Instability in the European markets
– European Union markets are facing three big challenges post Covid – expanded balance sheets, Brexit related business disruption, and aggressive Russia looking to distract the existing security mechanism. Three F will face different problems in different parts of Europe. For example it will face inflationary pressures in UK, France, and Germany, balance sheet expansion and demand challenges in Southern European countries, and geopolitical instability in the Eastern Europe.
Consumer confidence and its impact on Three F demand
– There is a high probability of declining consumer confidence, given – high inflammation rate, rise of gig economy, lower job stability, increasing cost of living, higher interest rates, and aging demography. All the factors contribute to people saving higher rate of their income, resulting in lower consumer demand in Retail (Grocery) industry and other sectors.
Learning curve for new practices
– As the technology based on artificial intelligence and machine learning platform is getting complex, Three F may face longer learning curve for training and development of existing employees.
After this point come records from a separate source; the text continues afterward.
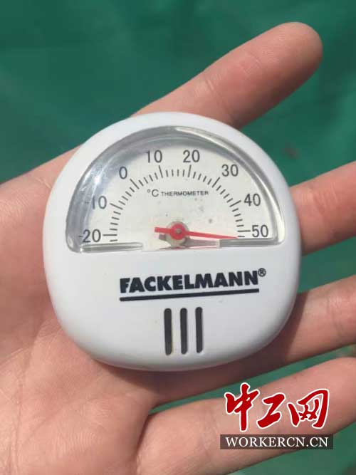 记者用温度计测量出,这里的空气温度已经超过了50度,库区垃圾覆盖膜上的温度最高可达75摄氏度,皮肤不能直接接触这些塑料膜,所以工人们都要穿上长裤长袖,不一会儿衣服就全湿透了。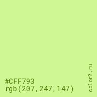 Цвет #CFF793 в цветовой модели RGB обозначается тремя октетами (207, 247, 147) в десятичном формате и #CFF793 в шестнадцатиричном (hex) формате, которые являются интенсивностью красного 207 (hex CF), интенсивность зелёного 247 (hex F7) и интенсивность синего 147 (hex 93).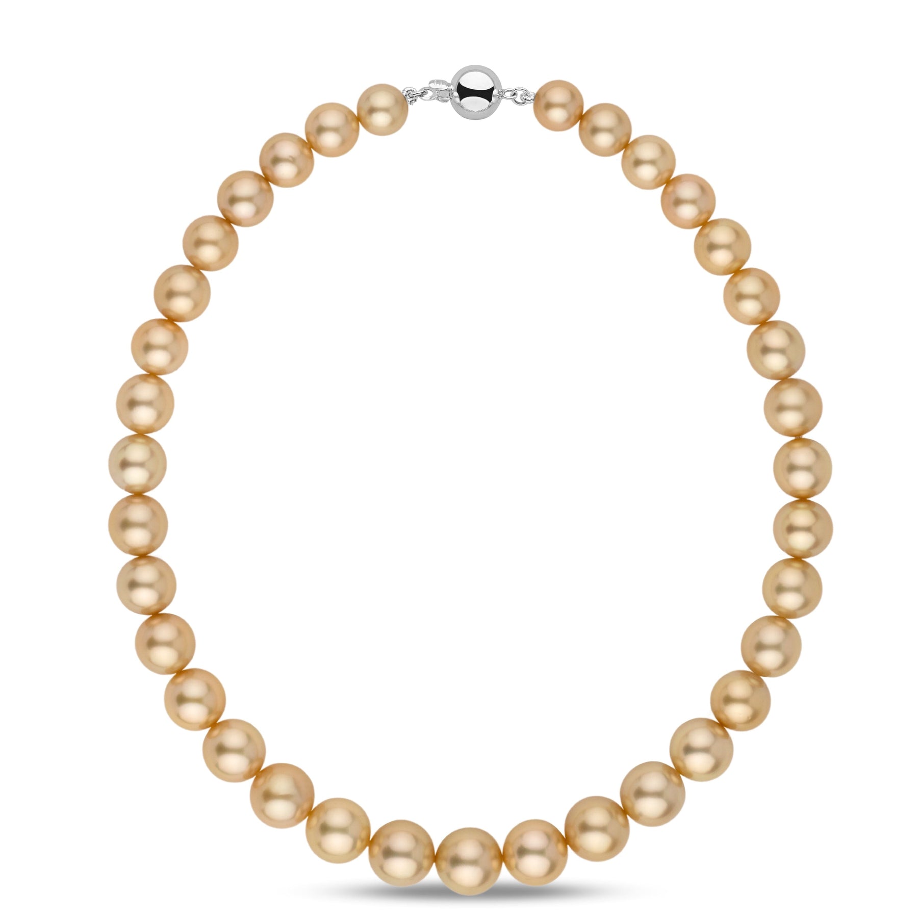The golden South Sea pearls measure 10.0-13.2 mm in size, the large size a trademark feature of South Sea pearls.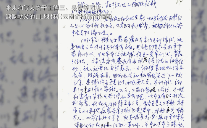 一则由云南省档案馆馆藏的《张永和等人关于王德三、吴澄等同志慷慨就义的口述材料》纸页,将我们的思绪再一次带回到了1930年的最后一天。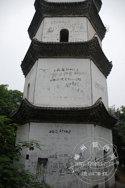记者注意到,古塔从一层到三层俨然成了一些人传情达意的“纪念墙”,塔身四面都被涂画上了各种各样的文字和符号;从拱门走进去,塔内也依然可见各种各样的涂鸦。

This can open space for more nimble competitors in the field of Retail (Grocery) sector.
Trade war between China and United States
– The trade war between two of the biggest economies can hugely impact the opportunities for Three F in Retail (Grocery) industry. The Retail (Grocery) industry is already at various protected from local competition in China, with the rise of trade war the protection levels may go up. This presents a clear threat of current business model in Chinese market.
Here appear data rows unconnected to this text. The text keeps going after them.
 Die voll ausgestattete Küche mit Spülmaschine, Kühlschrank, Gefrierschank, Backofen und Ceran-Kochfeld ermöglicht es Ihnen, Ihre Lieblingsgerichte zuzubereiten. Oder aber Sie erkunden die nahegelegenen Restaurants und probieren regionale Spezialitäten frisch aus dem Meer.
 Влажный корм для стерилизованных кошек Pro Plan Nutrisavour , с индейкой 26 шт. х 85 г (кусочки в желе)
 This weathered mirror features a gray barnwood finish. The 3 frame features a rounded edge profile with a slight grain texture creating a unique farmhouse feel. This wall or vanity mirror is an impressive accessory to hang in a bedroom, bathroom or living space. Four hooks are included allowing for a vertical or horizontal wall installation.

Technology acceleration in Forth Industrial Revolution
– Three F has witnessed rapid integration of technology during Covid-19 in the Retail (Grocery) industry. As one of the leading players in the industry, Three F needs to keep up with the evolution of technology in the Retail (Grocery) sector. According to Mckinsey study top managers believe that the adoption of technology in operations, communications is 20-25 times faster than what they planned in the beginning of 2019.
Weighted SWOT Analysis of Three F Template, Example
Not all factors mentioned under the Strengths, Weakness, Opportunities, and Threats quadrants in the SWOT Analysis are equal. Managers at Three F needs to zero down on the relative importance of each factor mentioned in the Strengths, Weakness, Opportunities, and Threats quadrants.
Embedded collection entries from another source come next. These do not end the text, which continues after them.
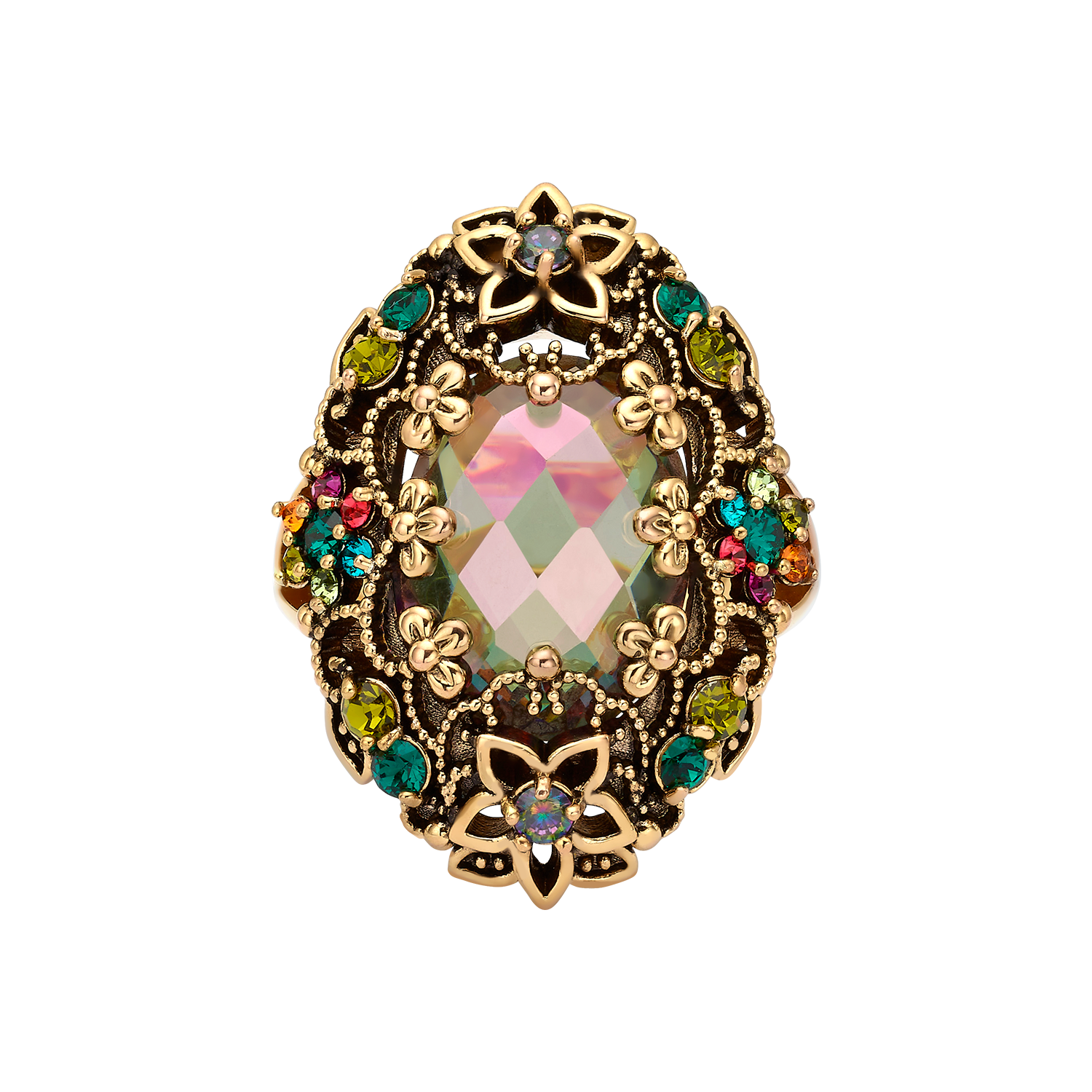An oval zircon ring in antique 18K gold plating. The ring was prepared through a meticulous goldsmithing process, entirely handmade, with attention to sparkle, light refraction and natural movement. The ring is the perfect solution for a birthday gift, wedding anniversary gift or Women's Day gift.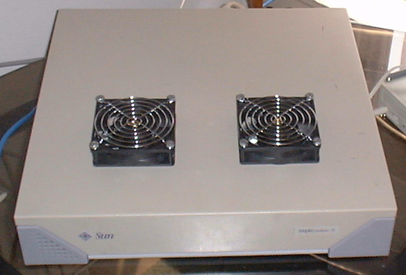 The two following images are by Brian Hechinger who wrote on SunHelp, on Tuesday January 09 2001, regarding my "ultimate fan fack":Hmm. i wanted to put faster drives in my sparc5 (Quantum Atlas, probably the hotest running frickin drives around) so i did something similar. not quite as elegant, since i had to put mine externally due to the limited clearance in a pizzabox. the downside, is this machine has to be on the top of the stack, but that's fine by me.I've included these last two images below:
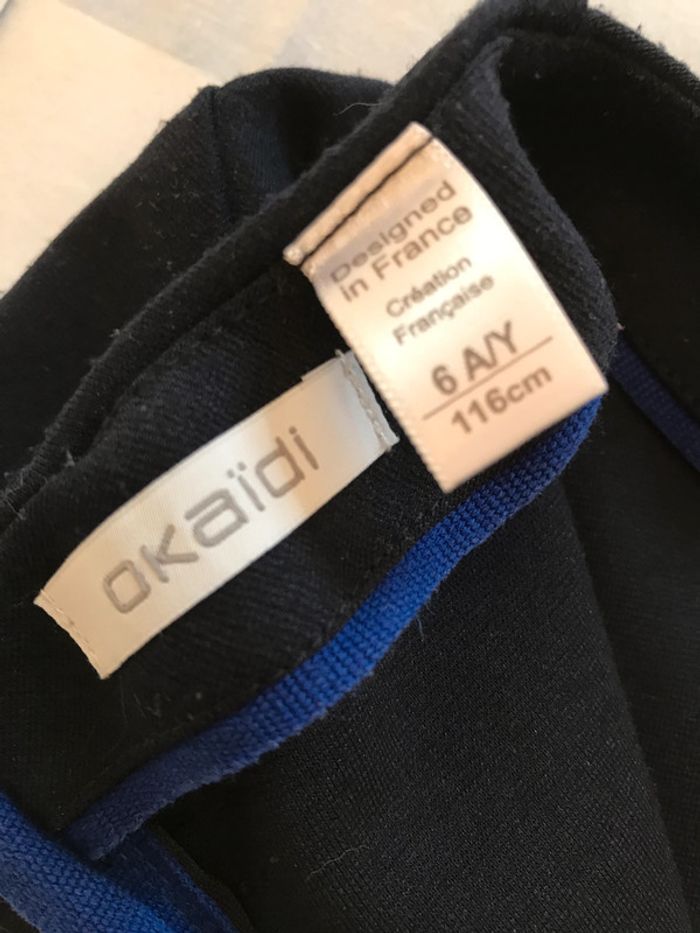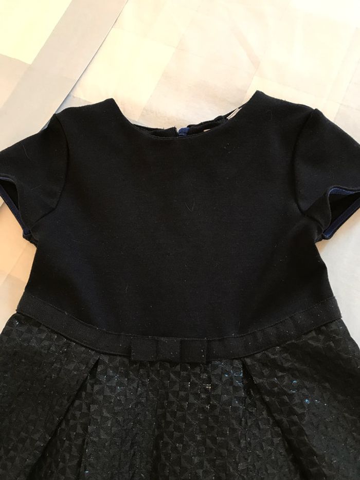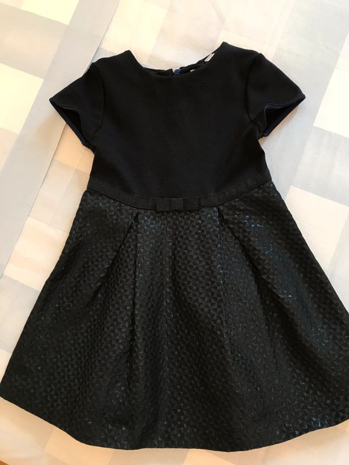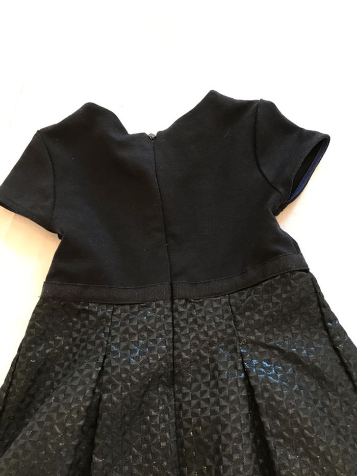 Robe avec haut en jersey et jupe à larges plis en tissu à motifs brillantés Encolure ronde, petites manches courtes Dos zippé sur la hauteur du corsage Composition : 67% polyester, 28 % viscose et 5%élasthanne Très bon état Age : 6 Ans #6ansdavicl Marque : OKAIDI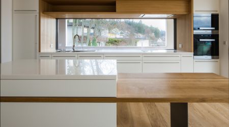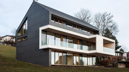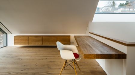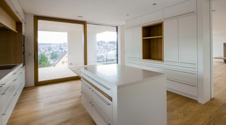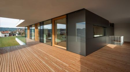 Im wunderschönen St. Georgen, dem Firmenstandort von Schwarzwälder, entstand in Holzständerbauweise ein modernes Passivhaus. Zementfaserplatten und weiß gestrichene Flächen unterstreichen den Designanspruch des Haus. In den Innenräumen dominiert der Baustoff, der uns am liebsten ist: Holz.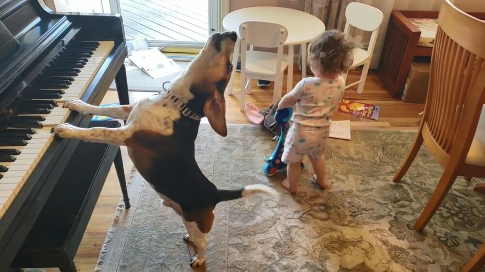 Buddy Mercury de pianospelende hond wordt deze keer bijgestaan door de keihard rockende baby girl. Rock on 🤘

We can provide the relative importance to each factor by assigning relative weights. Weighted SWOT analysis process is a three stage process –
First stage for doing weighted SWOT analysis of Three F is to rank the strengths and weaknesses of the organization. This will help you to assess the most important strengths and weaknesses of the firm and which one of the strengths and weaknesses mentioned in the initial lists are marginal and can be left out.
Second stage for conducting weighted SWOT analysis of Three F is to give probabilities to the external strategic factors thus better understanding the opportunities and threats arising out of macro environment changes and developments.
Third stage of constructing weighted SWOT analysis of Three F to provide strategic recommendations includes – joining likelihood of external strategic factors such as opportunities and threats to the internal strategic factors – strengths and weaknesses. You should start with external factors as they will provide the direction of the overall industry. Secondly by joining probabilities with internal strategic factors can help the company not only strategic fit but also the most probably strategic trade-off that Three F needs to make to build a sustainable competitive advantage.